My 7 year old Breed Stalk Paint "cody" also my first horse  Love my boy





























And because you mentions Fresians earlier. here's Wenessa, 4 year old Fresian. not mine, but you said you liked them, so i thought i'd share.


----------



## AngieLee (Feb 20, 2011)

i'm loving everyone elses horses by the way  So beautiful!


----------



## fuadteagan (Jun 10, 2010)

*Horses at my barn--and Secret*

I ride and practically own Secret. But, I don't own her nor lease her and here are a few of the barn horsies
_Ok,
The appy is Freedom. Freedom is a like 25 or so year old appaloosa mare. She is very sweet and I took my first lesson on her. She is deep in my heart.... <3 ya girl!
The donkey in the back is willy or wilcocks, a cute donkey gelding, not sure on age but <3 him, too. He is very stubborn and loves to escape to get grass. I remember the time when I had spent like 20 minutes trying to shoo him away from the gate. I had to like push him over and I almost fell in horse poop.
Then the bay with the tongue out is Secret, a 16 year old morgan mare. She is amazing and I love her SOOOO much. I hope she lives to be like 35. She is very healthy and sweet, sometimes.
The pony is Archie a 30 or so year old miniature horse!Ahhh, Archie! He bit me once cause I patted him ._








_This is RC, a 20 yr. saddlebred x pinto that is very spooky but pretty. He mostly barrel races for lessons. He doesn't show _








_This is a cute miniature gelding. He is at the farm to being trained to drive. He is quite the little devil.
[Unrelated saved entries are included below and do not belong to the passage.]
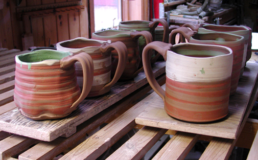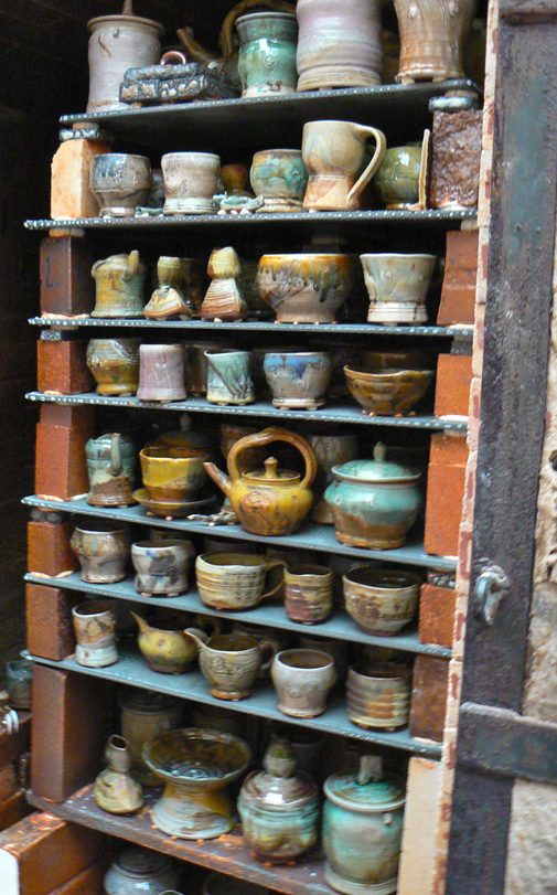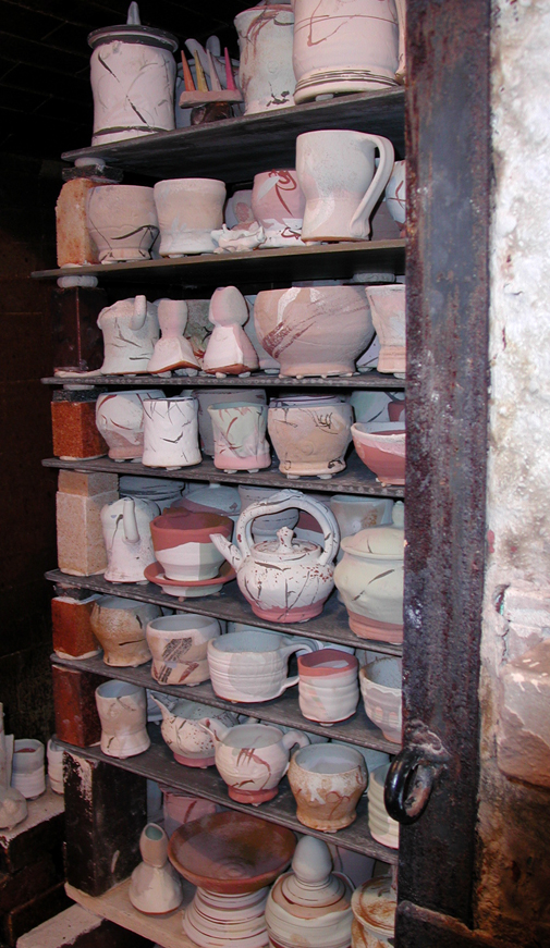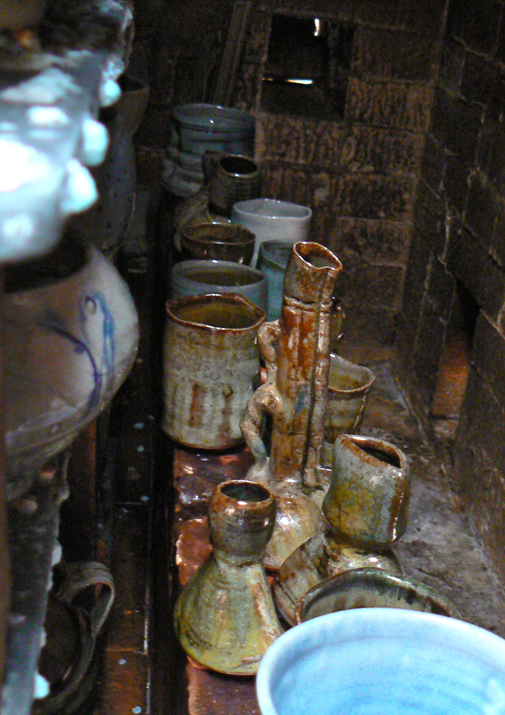 (the front of the stack of glazed ware waiting to be soda/salt fired)
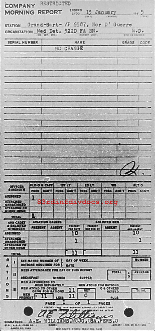 Morning report MEDDET/322FA for January 13, 1945
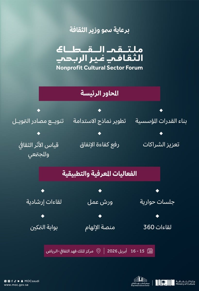 تنظّم وزارة الثقافة السعودية ملتقى القطاع الثقافي غير الربحي، خلال الفترة من 15 إلى 16 أبريل 2026م، و ذلك في مركز الملك فهد الثقافي بمدينة الرياض، في نسخته الأولى، بوصفه منصةً وطنية تجمع قيادات القطاع الثقافي وصنّاع القرار والخبراء و المهتمين.
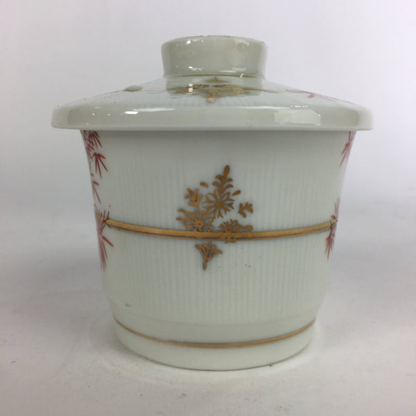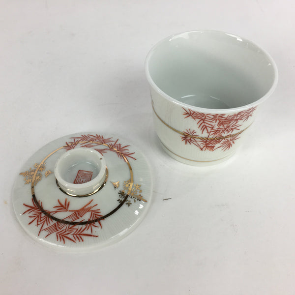 Japanese Porcelain Lidded Soup Bowl Cup Vtg Chawanmushi Red Bamboo PP529
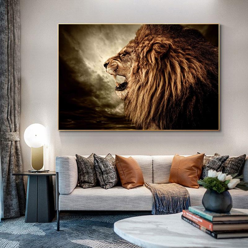 Современные черно-белые рычащие львы, животные, пейзажные постеры и принты, холст, картина, настенная картина для гостиной, домашний декор, без рамки
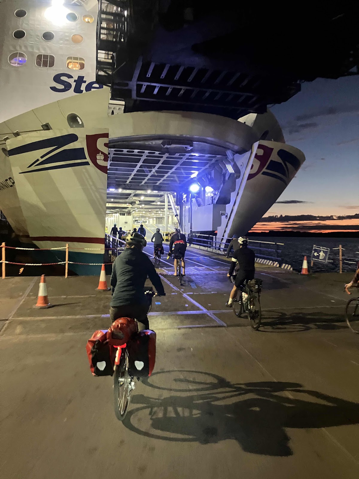 Made it aboard the delayed ferry in the last of the light after a long wait in the queue! Luckily, we had a warm jacket and an audiobook to keep us entertained.
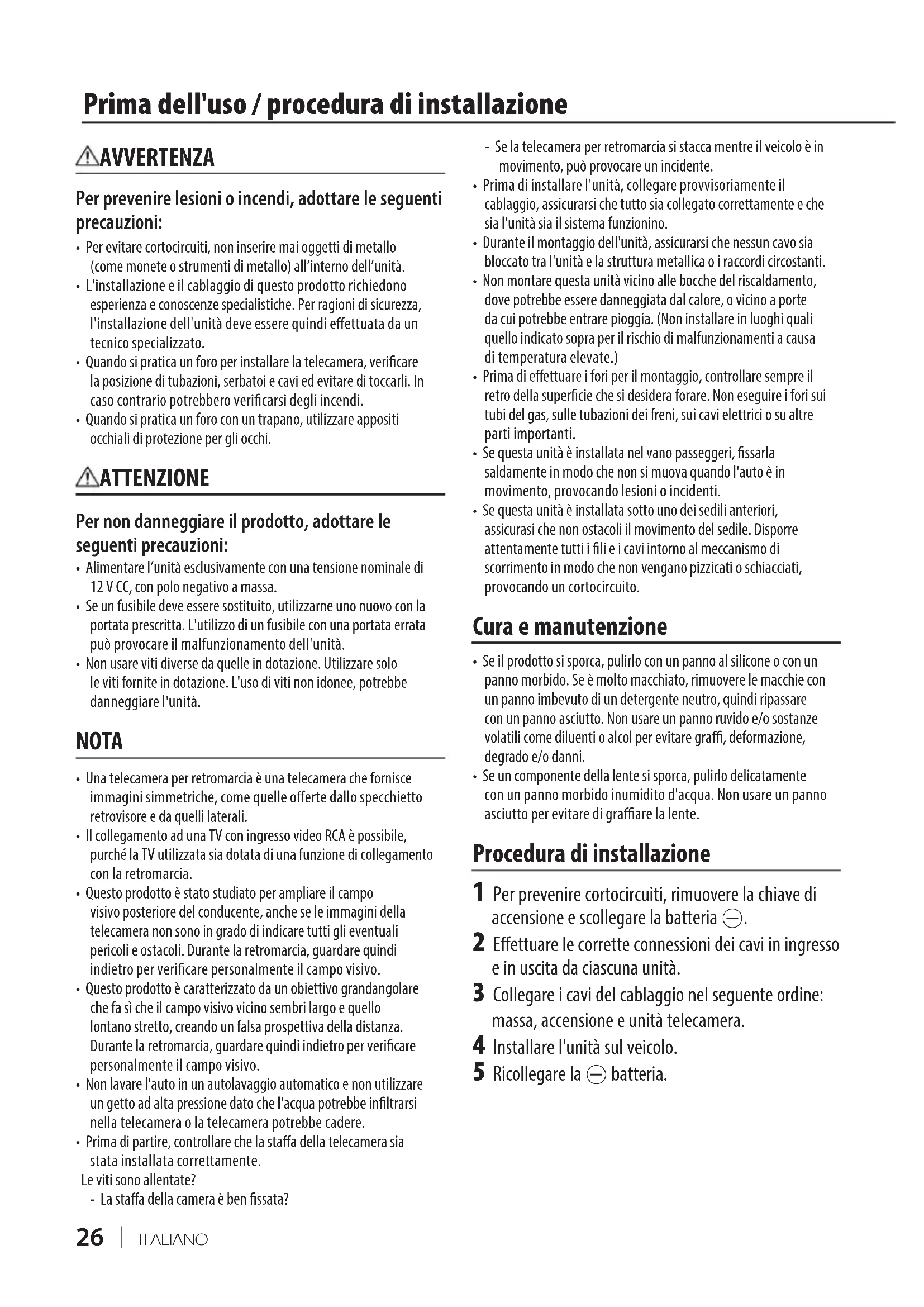 - Una telecamera per retromarcia è una telecamera che fornisce immagini simmetriche, come quelle oerte dallo specchietto retrovisore e da quelli laterali.• Il collegamento ad una TV con ingresso video RCA è possibile, purché la TV utilizzata sia dotata di una funzione di collegamento con la retromarcia.• Questo prodotto è stato studiato per ampliare il campo visivo posteriore del conducente, anche se le immagini della telecamera non sono in grado di indicare tutti gli eventuali pericoli e ostacoli. Durante la retromarcia, guardare quindi indietro per vericare personalmente il campo visivo.• Questo prodotto è caratterizzato da un obiettivo grandangolare che fa sì che il campo visivo vicino sembri largo e quello lontano stretto, creando un falsa prospettiva della distanza. Durante la retromarcia, guardare quindi indietro per vericare personalmente il campo visivo.• Non lavare l'auto in un autolavaggio automatico e non utilizzare un getto ad alta pressione dato che l'acqua potrebbe inltrarsi nella telecamera o la telecamera potrebbe cadere.• Prima di partire, controllare che la staa della telecamera sia stata installata correttamente. Le viti sono allentate?- La staa della camera è ben ssata? Prima dell'uso / procedura di installazioneITALIANO

His name is Jack_








_Ok, next. This is Awesome Town (Awesome). He is a bay retired saddlebred that won at championships. He is like 20 years old and is adorable!_








_This is Hank, not sure of breed or age but he is quite an annoying horse_








_This is Bella a chestnut QH that is so awesome_








_This is Eclipse a 14 or so hand appaloosa that is a little over 3 years._








_This is Digger, a saddlebred that used to compete in saddleseat. He is so funny and cute. He loves to nibble on blond hair. _








_This is Chili, a appaloosa that is in training_








_This is Sweepee a cute IDk horse  LOL_








_This is Teddy a like 20 year old ottb_








_This is Gizmo, a cute pinto pony, I wanna ride_








_This is honey a western pleasure QH mare_








So Yep :wink:


----------



## amywalters789 (Mar 20, 2011)

They are all very very Beautiful!!


----------